§ **ASSIGNED TASK**: What you return must match the listing below character for character, minus any pictures.

§ **INFORMATION SUPPLIED**:
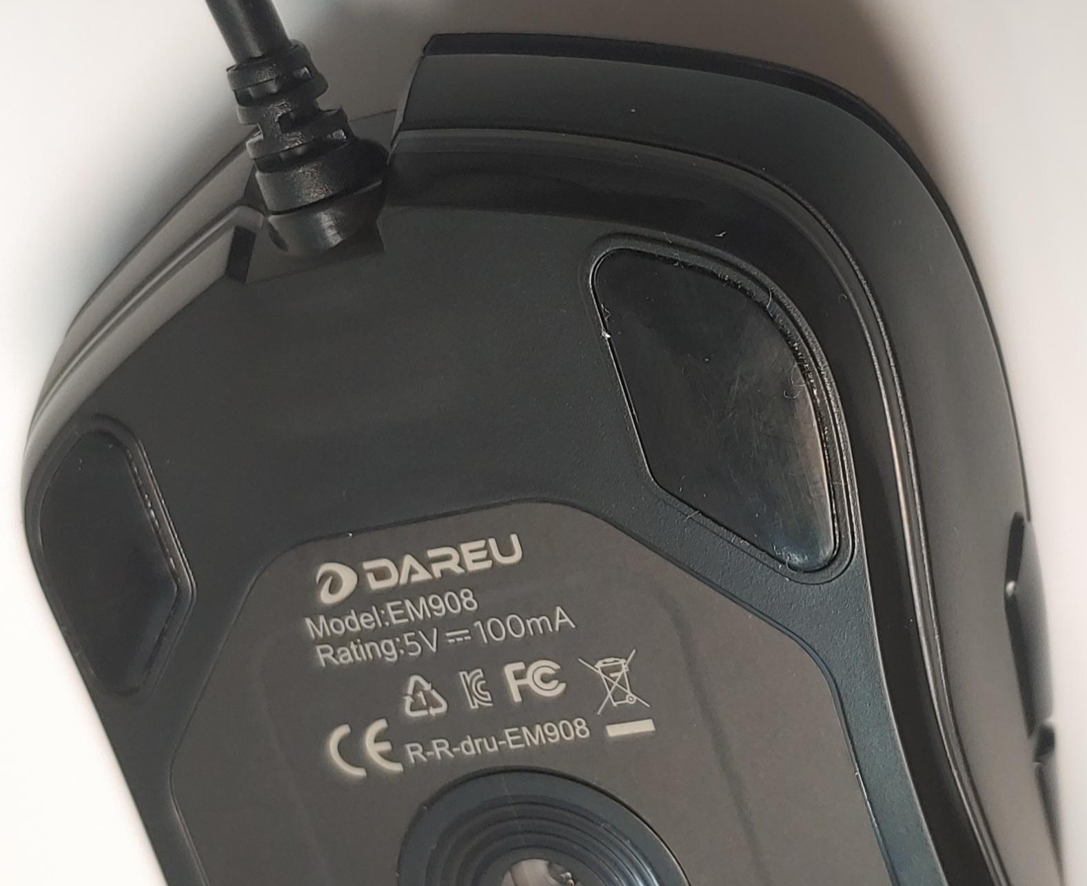 DAREU EM908 RGB 제품의 스케이트는 전체 면적의 최소치인 10%정도로 확인되며, 표면면적과 매우 근접하게 붙어있는 타입의 마우스 입니다. 이로인하여 마우스의 LOD(Lift Off Distance)에서는 높은 정밀도를 보여줄 것이라 생각합니다.
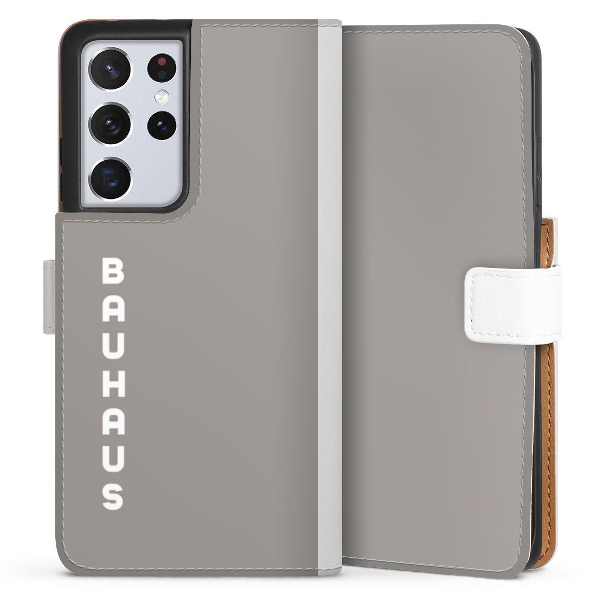For our Sideflip Case we are using our advanced direct printing technology. The back and frontside are fully printabale, the inside of the phone bag is left unprinted. You can order the phone case without print, printed completely or also with a partial print.
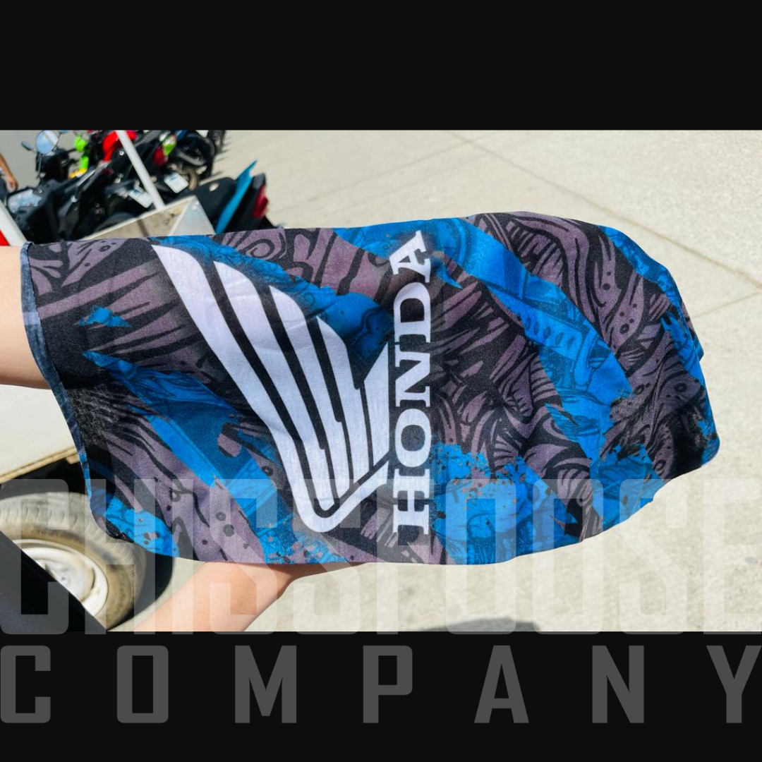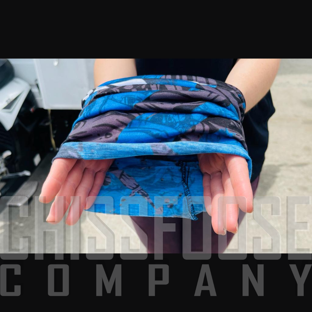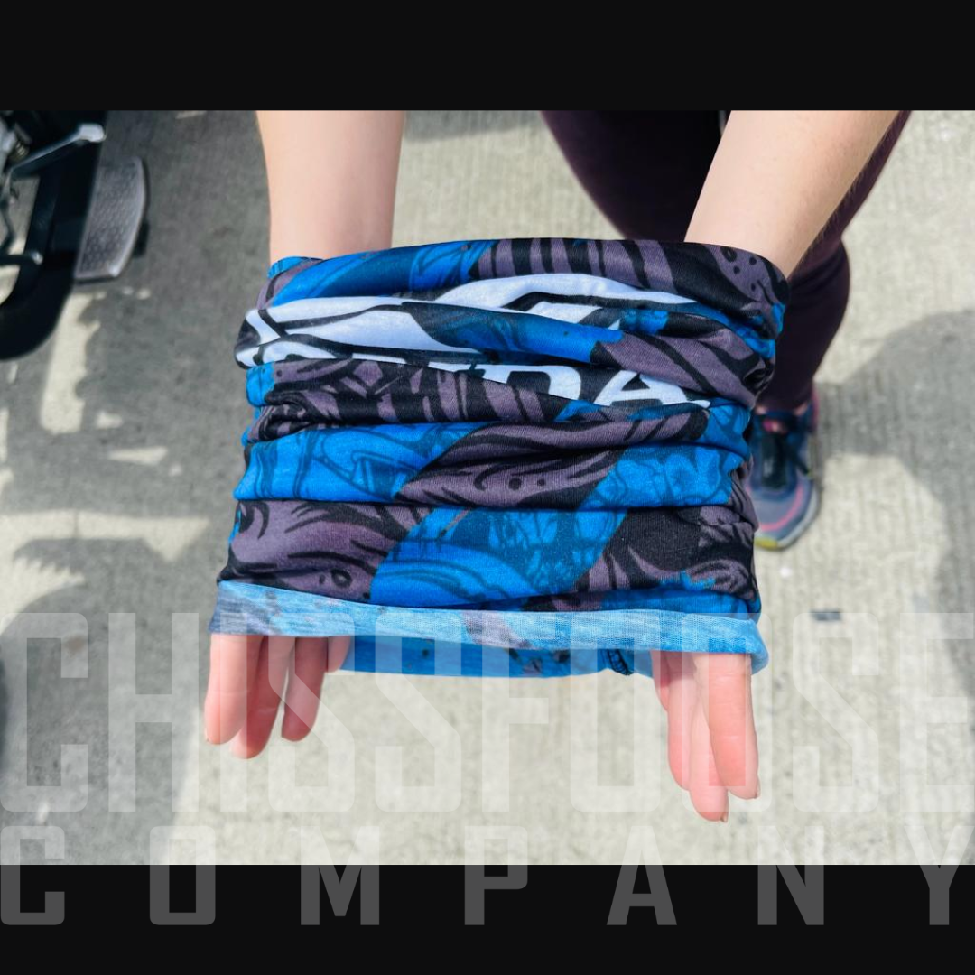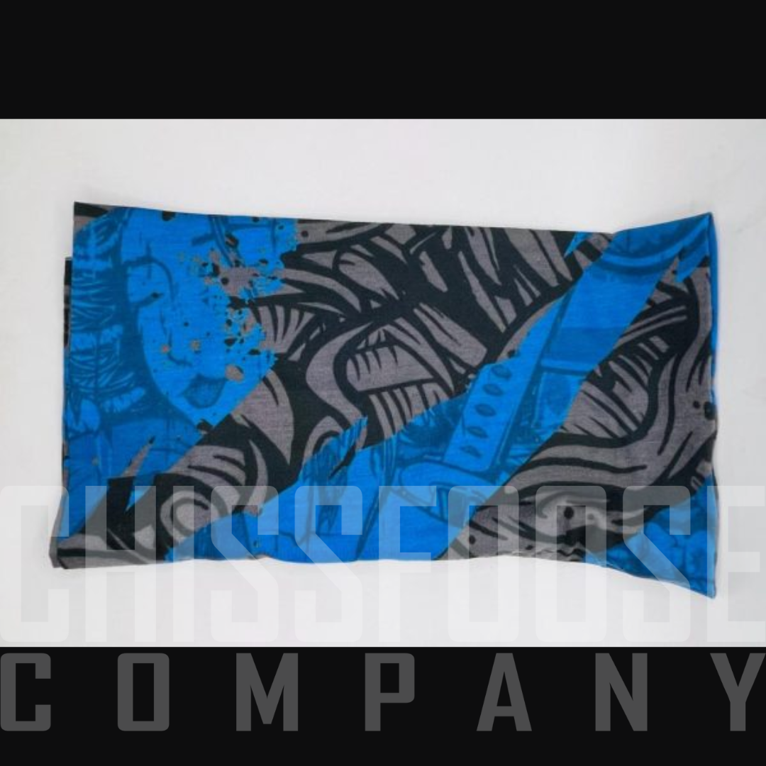 BUFF CON UN DISEÑO ESTAMPADO EN COLORES GRIS OSCURO Y AZUL MARINO.

§ **WRITTEN SOLUTION**:
 DAREU EM908 RGB 제품의 스케이트는 전체 면적의 최소치인 10%정도로 확인되며, 표면면적과 매우 근접하게 붙어있는 타입의 마우스 입니다. 이로인하여 마우스의 LOD(Lift Off Distance)에서는 높은 정밀도를 보여줄 것이라 생각합니다.
For our Sideflip Case we are using our advanced direct printing technology. The back and frontside are fully printabale, the inside of the phone bag is left unprinted. You can order the phone case without print, printed completely or also with a partial print.
 BUFF CON UN DISEÑO ESTAMPADO EN COLORES GRIS OSCURO Y AZUL MARINO.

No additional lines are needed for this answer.